Safety begins with You
Since we are on the topic of safety, it is very important that we discuss safety precautions when riding a bike, aka safe cycling. Safe cycling begins with you. This means that if you want to lessen the risks of accidents when riding a bike, you have to start following safety precautions when you’re out there. Here are some tips that could prove useful during your bicycle rides:
- Wear a helmet – it might sound cheesy to some, but wearing a helmet will give you better chances of survival in case of an accident. It protects your head from absorbing the impact as opposed to riding your bike bare-headed.
- Wear the right cycling gear – trust us, your body will thank you for it. Not only will wearing the right gear protect your body, but it will also make your commute easier because it is more comfortable.
- Bright colors are a must – bright and reflective clothing plays a huge role in your safety as you cycle. This is particularly true in the early morning, on cloudy days, or when you are riding late at night. Bright and reflective clothing helps others see you better.
- Be prepared – before you ride your bike, make sure you know what the weather will be like on that specific day. You can adjust or plan your gear accordingly. For instance, if the weather forecasts say it’s going to rain, you need to wear waterproof gear, and so on.
- Install rear view mirrors on your handlebars – looking over your shoulder every time you cycle is a risk. This is why rear view mirrors are crucial. These devices may be small, but it can help you soo what’s behind you at all times.
- Carry a small first-aid kit at all times – you have a first-aid kit at home and in your car, why not bring one with you when you cycle, too? First-aid kits are relatively small, and they can fit in your bag. Better safe than sorry.
- Carry a patch kit – of course, you also need a patch kit in your bag everytime you ride your bike. This way, you can patch up your own flat tire when needed.
- Be alert – just like when you’re driving or walking, it is very important to be alert when you ride a bike. Do not use your mobile phones, headphones, or earpiece. Hearing everything around you is crucial when you ride a bike. It is important that you do not get distracted.
- Always bring a phone and identification cards – cellphones can be used in case of an emergency, and your identification card will be useful to emergency responders in case of an accident.
- Learn the bike safety rules by heart – every state has their own bike safety rules for cyclists to follow. The more you know, the better.

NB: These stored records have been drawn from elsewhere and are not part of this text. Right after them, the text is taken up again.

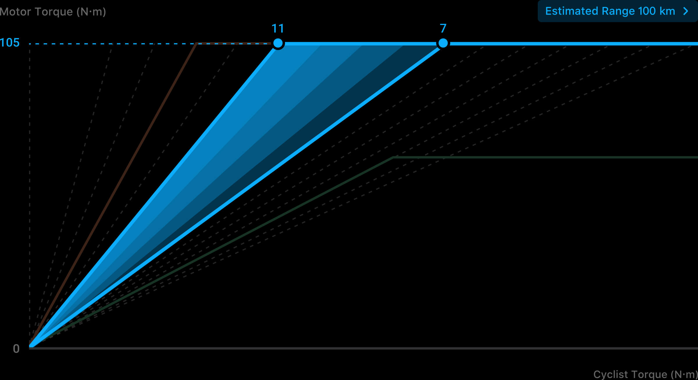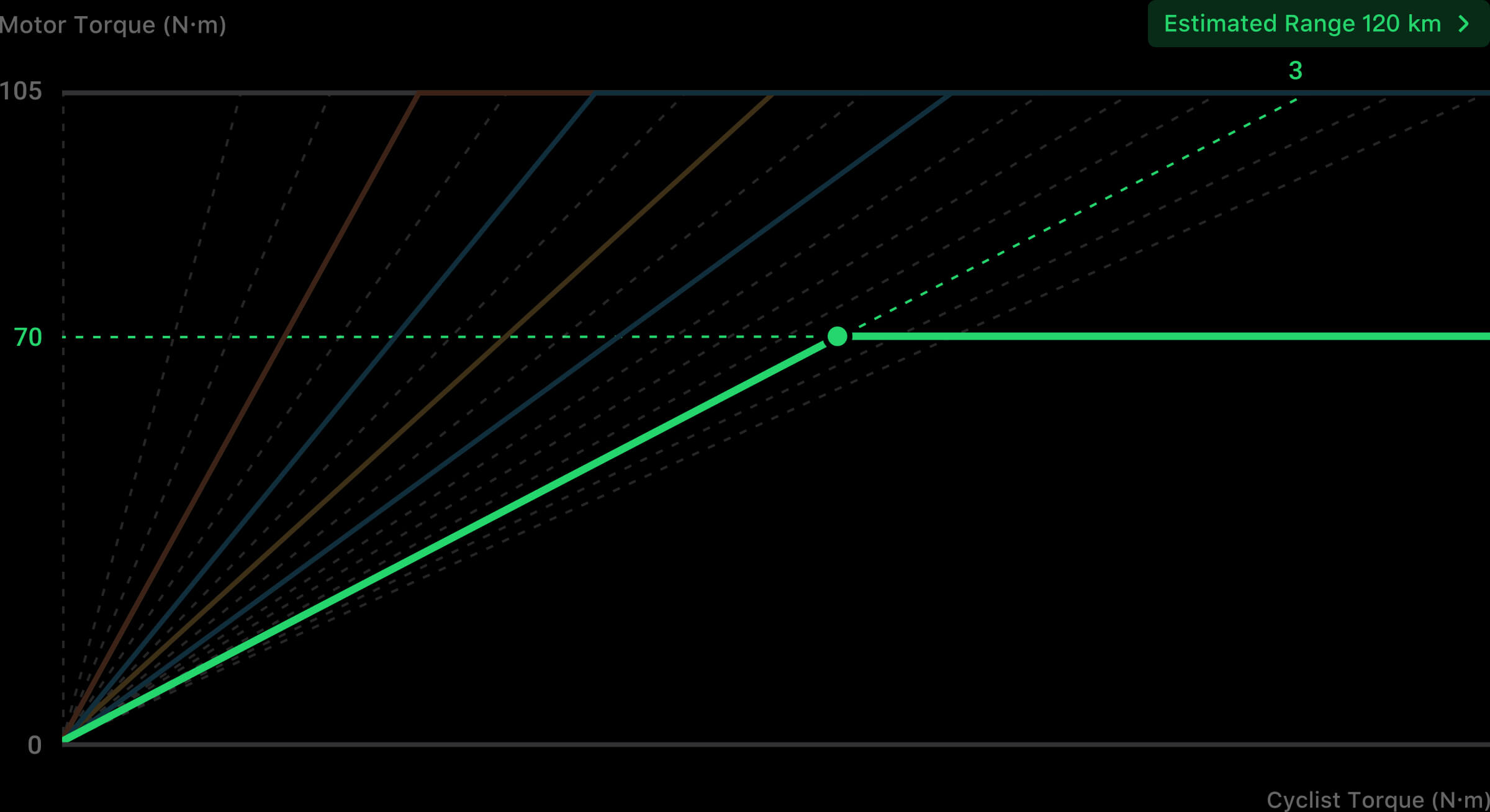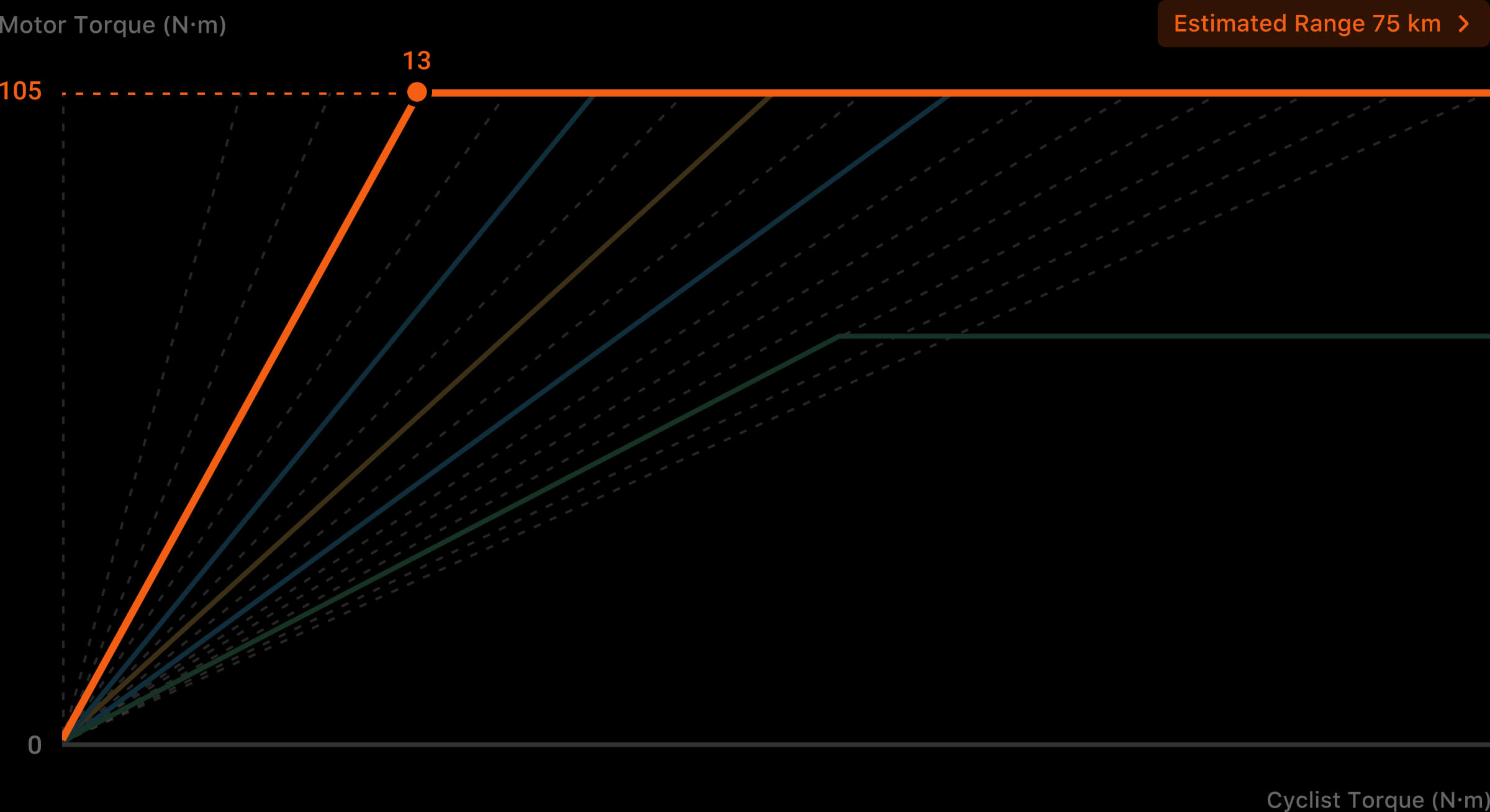 Navržen tak, aby pomáhal při strmých stoupáních. Agresivní zrychlení v kombinaci s maximální asistencí umožňuje jezdcům zdolávat náročné výjezdy.
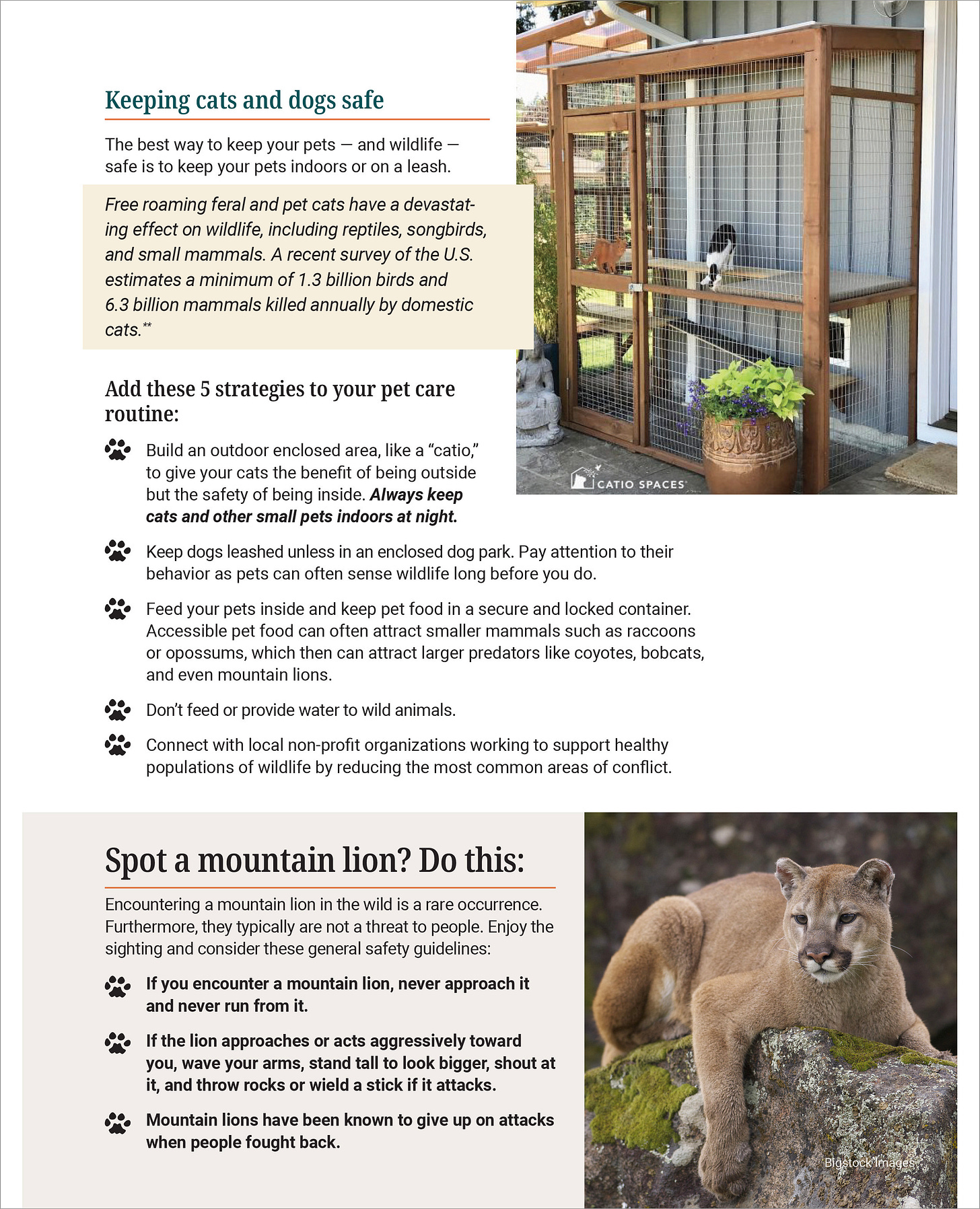 “Many people who call me say, ‘This never happened before!’ when they have had a loss,” Martins said. “But the thing is that, statistically, it makes sense that it doesn’t happen very often to an individual, because one mountain lion can easily have 5,000 to 10,000 private properties in its territory—and you end up being just one of many people. The problem is that you never know when it’s going to happen, but it is very likely to happen at some point in time, especially if you are living in a high-use lion area. Essentially, you are creating a situation which just shouldn’t happen in the first place.”
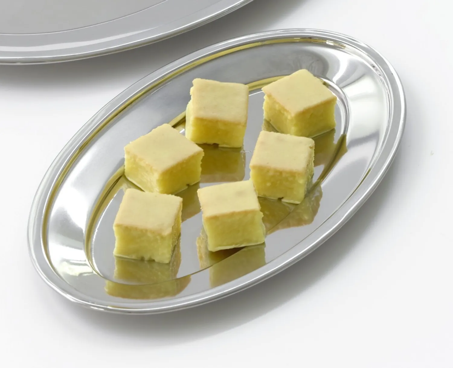 Dette serveringsfad i rustfrit stål kombinerer holdbarhed med praktisk design. Den blanke overflade er modstandsdygtig over for daglig brug, mens den ovale form gør serveringen nem og bekvem ved dit spisebord.
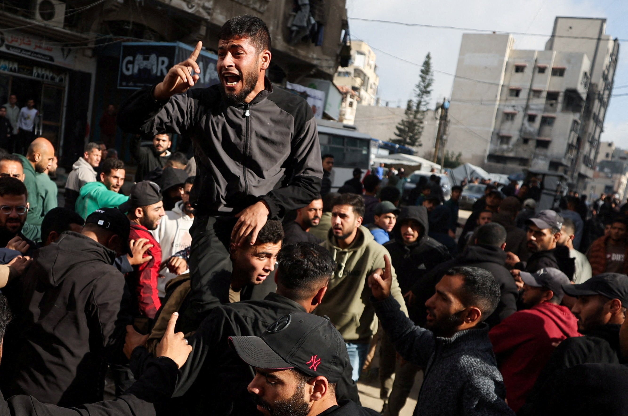 وفي مدينة غزة، تجمع عشرات الفلسطينيين لتشييع ثلاثة أشخاص استشهدوا في عدوان جوية إسرائيلية على مبنى سكني بالمنطقة مساء أمس.
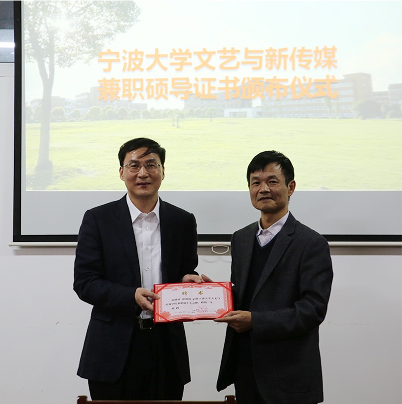 院长张伟教授为五位兼职导师颁发了证书。“文艺与新传媒”硕士点7位校内导师和2017级5位硕士研究生参加了仪式。
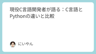 Python 現役C言語開発者が語る:C言語とPythonの違いと比較 私は、C言語を使用している現役組み込みシステムのエンジニアです。エンジニア歴は、10年以上です。最近Pythonを書くようになり、C言語との違いで「うーん」慣れへんなぁとなったところをまとめてみようと思います。慣れないことでPython使うのやーめよってなる方もいるかと思いますので、ぜひ参考にしてく... 2021.09.20 2025.02.06 Pythonプログラム技術
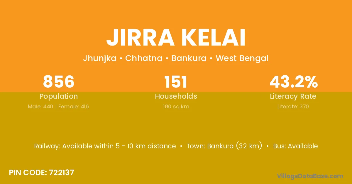 Bankura (32 km) is the nearest town to Jirra Kelai village for major economic activities and is located approximately 32 km away.
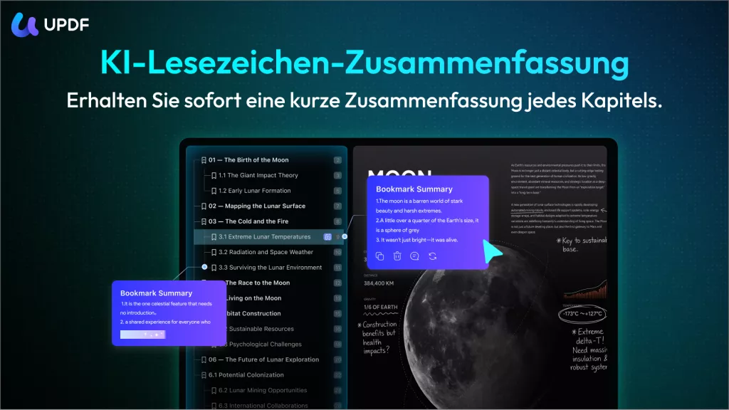 Am besten gefällt uns an UPDF, dass es über AI-Funktionen verfügt, die das gesamte Buch in Sekundenschnelle zusammenfassen, uns schwierige Begriffe erklären und die Originalsprache bei Bedarf in unsere Muttersprache übersetzen.
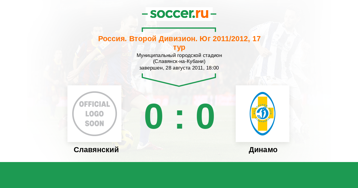 Россия. Вторая лига. Группа 1 25.05.2012 Динамо Ставрополь Логотип футбольный клуб Динамо Ставрополь 0:1 Логотип футбольный клуб Славянский (Славянск-на-Кубани) Славянский
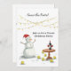 Celebrate the holidays on the court! This festive Tennis Christmas invitation features Santa Claus and a cheerful snowman wearing a Santa hat, standing on a snowy tennis court surrounded by twinkling fairy lights, scattered tennis balls, and a small table with wine glasses for a touch of holiday cheer.
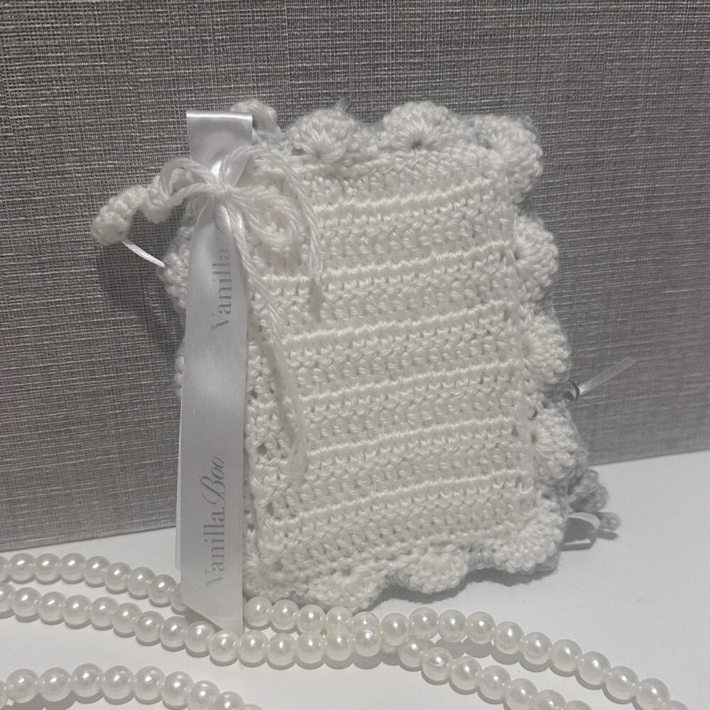 毛糸で作ったふわふわなカードケース。
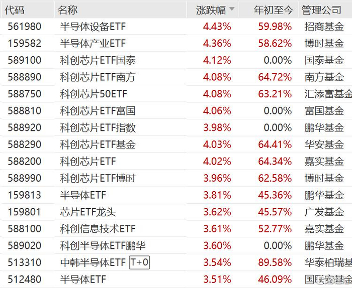 芯片股拉升,寒武纪、海光信息涨超7%,半导体设备ETF、半导体产业ETF、科创芯片ETF南方、科创芯片50ETF、科创芯片ETF富国涨超4%;科创芯片ETF博时、科创芯片ETF、科创芯片ETF指数、半导体ETF、芯片ETF龙头、中韩半导体ETF、芯片ETF涨超3.5%。
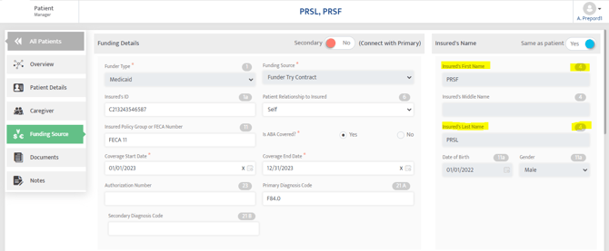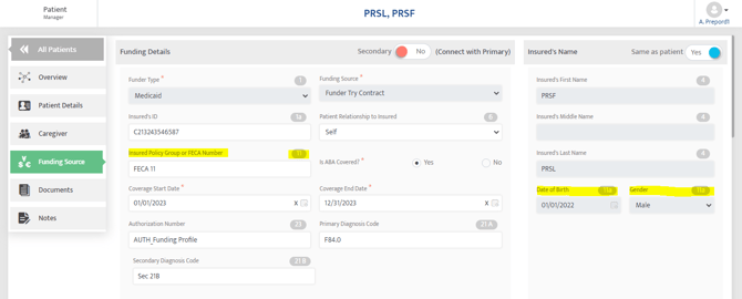 How to Fix: Navigate to Patient > Funding Source > Funding Profile > Insured's First Name, Last Name.
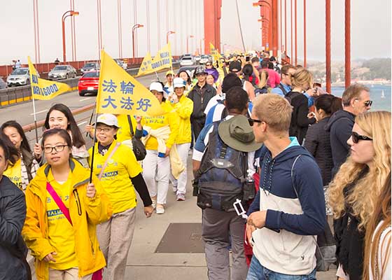 一千多名法轮功学员高举真相展板徒步穿过三英里长的金门大桥,游行让很多有缘民众听闻法轮功、感受法轮大法美好、了解法轮功反迫害真相。
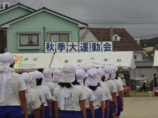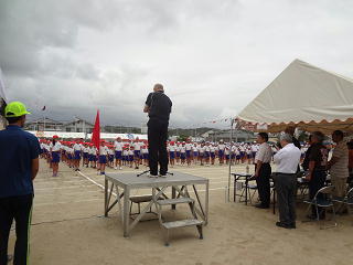 児童代表の開会の言葉・・・そして校長先生からは、たくさんの方々の力で運動会が開催されること、それを忘れずに、感謝しながら、力を尽くすことの大切さについてお話がありました。
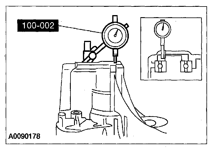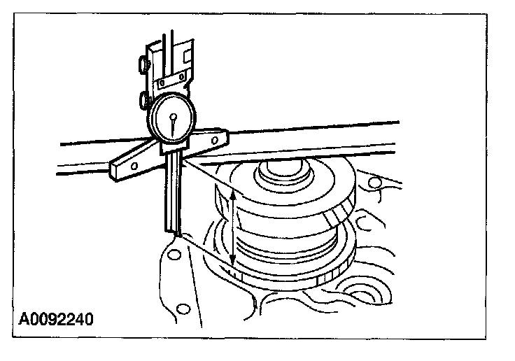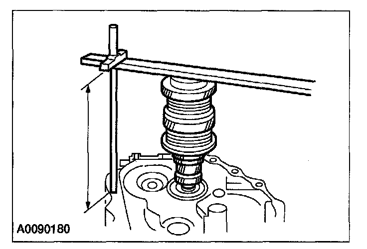 43. Using the special tool, measure and record the depth of the transaxle case to the mainshaft bearing surface when the circlip is expanded and mainshaft is raised to contact the transaxle case.
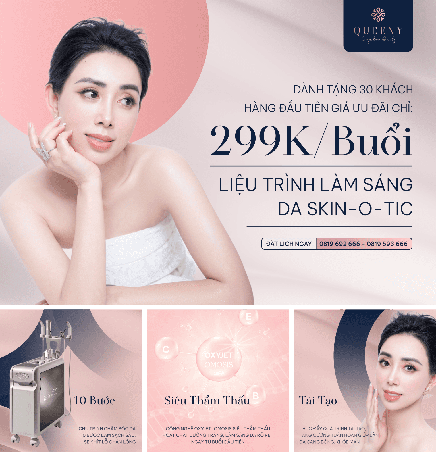 A series of social media posts designed for a beauty clinic, a brand that emphasizes gentle aesthetics and professional skincare. The visuals aim to reflect the clinic’s modern, trustworthy, and elegant identity through a cohesive use of soft gradients, minimal typography, and a calming pink–nude palette.
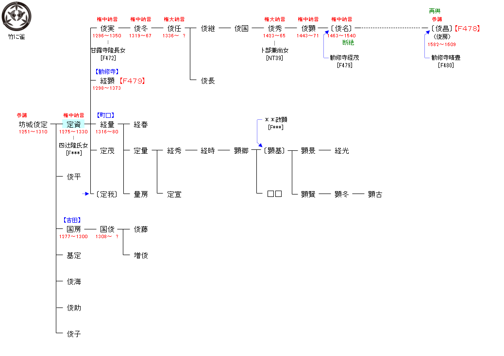 建治4年(1278年)従五位下に叙爵。弘安3年(1280年)従五位上に進み、弘安8年(1285年)に正五位下・左兵衛佐に叙任。正応元年(1288年)中宮権大進を兼ねた。 正応4年(1291年)に左衛門権佐に転任。防鴨河使を兼ね、正応5年11月(1293年1月)五位蔵人に補任された。その後も順調に昇進を重ねた。乾元2年(1303年)参議に任ぜられて公卿に列する。嘉元2年(1304年)従三位・近江権守に叙任され、徳治元年12月(1307年1月)権中納言に進んだ。また、花園天皇の即位に伴って伏見上皇の院政が再開されるとその伝奏を務めた。 文保元年(1317年)伏見上皇が崩御すると、その子の後伏見上皇が跡をついで院政を行うが、定資は引き続き上皇の側近として伝奏を務めるなど、持明院統に接近した。 文保2年(1318年)大宰権帥を辞退。同年、大覚寺統の後醍醐天皇の即位に伴って後宇多上皇の院政が再開されると、その伝奏を務める。しかし、伝奏としての活動を示す記録は少ない。史料上でも引き続き定資が持明院統側に近いことが確認できる。その後、大覚寺統の治世中である10余年は官に就かず、元徳2年(1330年)病となり、7月11日辰の刻、散位のまま66歳で薨去した。その死は頓死であったと伝えられる。
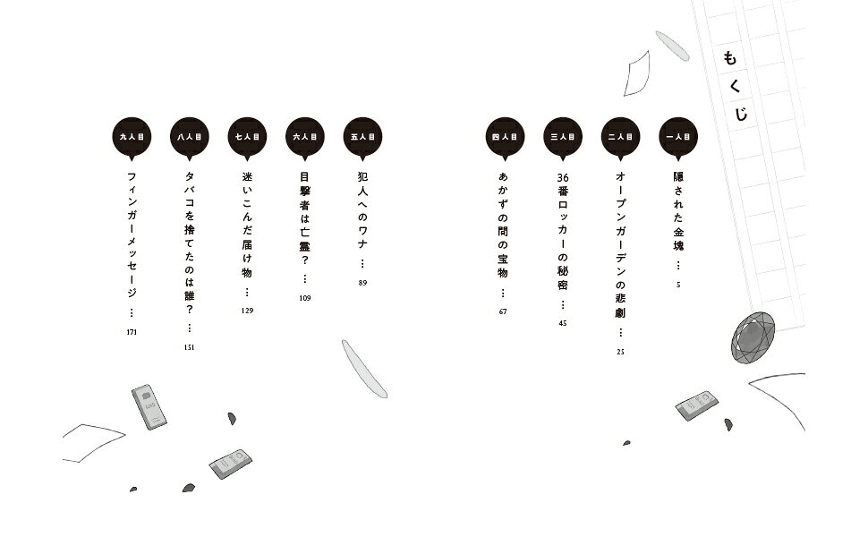 隠された金塊/オープンガーデンの悲劇/36番ロッカーの秘密/あかずの間の宝物/犯人へのワナ/目撃者は亡霊?/迷いこんだ届け物/タバコを捨てたのは誰?/フィンガーメッセージ

- Do not ride against traffic – it is also crucial to never ride against traffic.
- Keep both hands on the handlebars – this will help keep you balanced better and lets you break faster when needed.
- Use front and rear lights – again, you need to stay visible when you’re riding a bike. Install front and rear lights. Signal lights are also helpful.
- Stay steady – do not switch back and forth between the streets and sidewalks. This is illegal. It is also unsafe for you, for other cyclists, for pedestrians, and for vehicle drivers. Switching every now and then can get confusing for drivers, especially when you are riding on an intersection.
- Be vigilant at intersections – speaking of intersections, you need to stay vigilant when you’re at intersections. Always hang left in the lane when you’re coming to a stop. This helps drivers behind and in front of you see you better.
- Follow lane directions – do we need to say more?